YOGYAKARTA, Suara Muhammadiyah - Gerakan Subuh Mengaji (GSM) yang dilaksanakan secara daring pada Kamis (30/10) mengusung tema “Tantangan Dakwah Muballighat Aisiyah”. Acara ini dihadiri oleh Dra Ia Kurniati, MPd, Ketua Pimpinan Wilayah Aisyiyah Jawa Barat sebagai narasumber.
Dalam paparannya, Kurniati mengatakan bahwa tugas sebagai Persyarikatan tujuannya adalah berdakwah. Dalam konteks berdakwah, tidak hanya untuk orang lain, tetapi yang terpenting adalah berdakwah untuk diri sendiri. Yakni sejauh mana dalam memahami dan mengimplementasikan seluruh nilai-nilai agama yang menjadi fondasi utama dalam kehidupan.
“Semua itu dilakukan dengan penuh kesabaran, ikhtiar, dan dengan kepastian dan keyakinan kita semua bisa berubah untuk mencapai kepada hal yang lebih baik lagi,” tuturnya.
Kurniati mengatakan, dakwah merupakan ajaran Islam yang sudah semestinya dilakukan oleh seluruh umat Muslim. Apalagi, Nabi Muhammad Saw mengajarkan dalam berdakwah tidak boleh menggunakan kata-kata kasar, tetapi kata-kata lembut mesti diutamakan. Kendati dakwah Nabi mendapat respons negatif dari masyarakat Makkah saat itu.

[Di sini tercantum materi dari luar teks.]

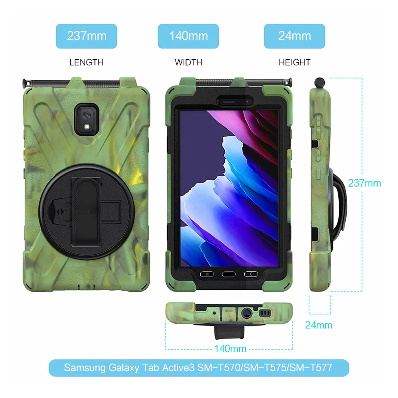 This item: Rantice Samsung Galaxy Tab Active 3 8 .0 Case, Heavy Duty Rugged Shockproof Drop Protection Case with 360 Stand, Handle Hand Strap & Shoulder Strap for Galaxy Tab Active3 8" 2020 T570/T575/T577 (Black) $19 .99 . In Stock .

“Perlakuan yang kasar itu tidak dilawan dengan sebuah perlawanan yang bengis, justru Nabi menunjukkan wajah yang penuh kekeluargaan. Beliau datang dengan kasih sayang dan kelembutan. Allah telah membekali Nabi bukan dengan sikap yang kasar, tapi Nabi dalam berdakwahnya menampilkan sikap-sikap yang menyenangkan, sehingga itulah yang melahirkan kemenangan,” ujarnya.
Maka, dalam berdakwah jangan apatis. Karena itu Muhammadiyah dan Aisyiyah harus terus bergerak menjalankan dakwah di akar rumput. Dakwahnya harus bisa mencerahkan dan memajukan kehidupan. Di sinilah tantangan dakwah yang sebenarnya.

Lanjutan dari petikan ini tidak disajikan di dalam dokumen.